200 grad = π radians (approximately 3.14159 rad). A straight angle (half circle) is exactly 200 gradians and exactly π radians — one of the cleanest cross-system benchmarks, useful for quick mental verification of conversions.
The factor π/180 converts degrees to radians (since a full circle = 360° = 2π rad, giving 1° = π/180 rad). The factor π/200 converts gradians to radians (since a full circle = 400 grad = 2π rad, giving 1 grad = 2π/400 = π/200 rad). The difference between 180 and 200 reflects the different circle divisions: 360 degrees vs 400 gradians per full rotation.

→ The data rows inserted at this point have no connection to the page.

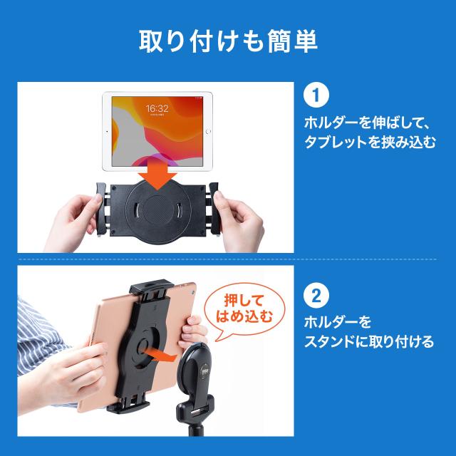 ●ホルダー部分が伸縮し、4.5〜10.5インチの各社タブレットに対応します。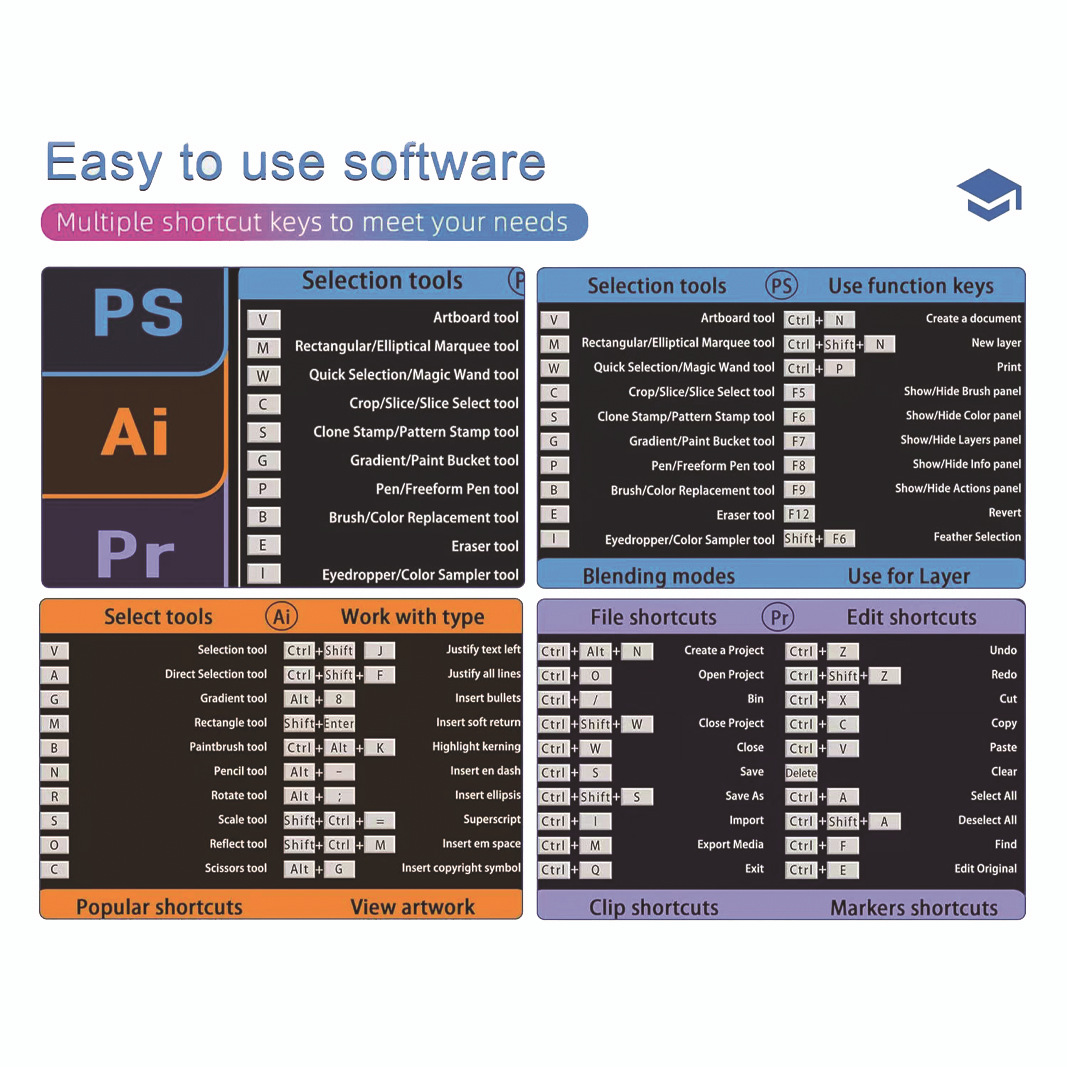 | nameOriginal | EXCO Shortcut Mouse Pad ps ai pr Full English ip Computer Office Desk Pad Cross-border European and American Desk Pad |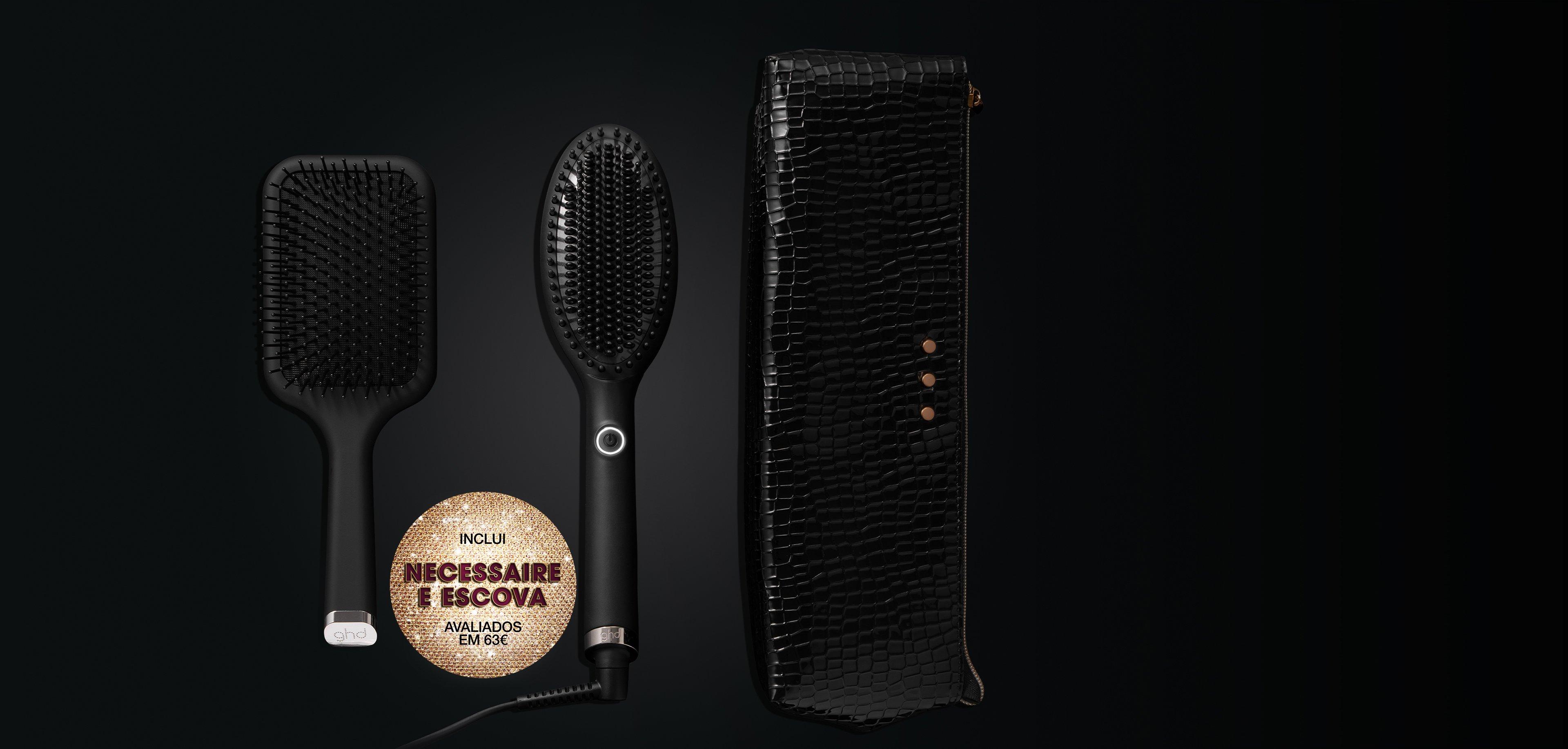 A nossa ghd Glide Hot Brush, que poupa tempo, vem acompanhada de um elegante necessaire resistente ao calor¹ e da escova ghd All-Rounder Paddle, para um styling festivo impecável.

On a scientific calculator, set the mode to RAD, then multiply your gradian value by π/200. Alternatively, first convert gradians to degrees by multiplying by 0.9, then convert degrees to radians by multiplying by π/180. Both routes give the same result. Some advanced calculators have a direct unit conversion function (often under CONV or ANGLE menus) that handles grad → rad automatically.
No major programming language has built-in gradian support — all standard trigonometric functions in Python, JavaScript, C, Java, MATLAB, and R use radians exclusively. To work with gradian input in code, you must manually convert: rad = grad * Math.PI / 200 (JavaScript) or rad = grad * math.pi / 200 (Python) before passing the value to sin(), cos(), or tan(). Some surveying-specific libraries and GIS toolkits include gradian conversion utilities, but the underlying math always operates in radians.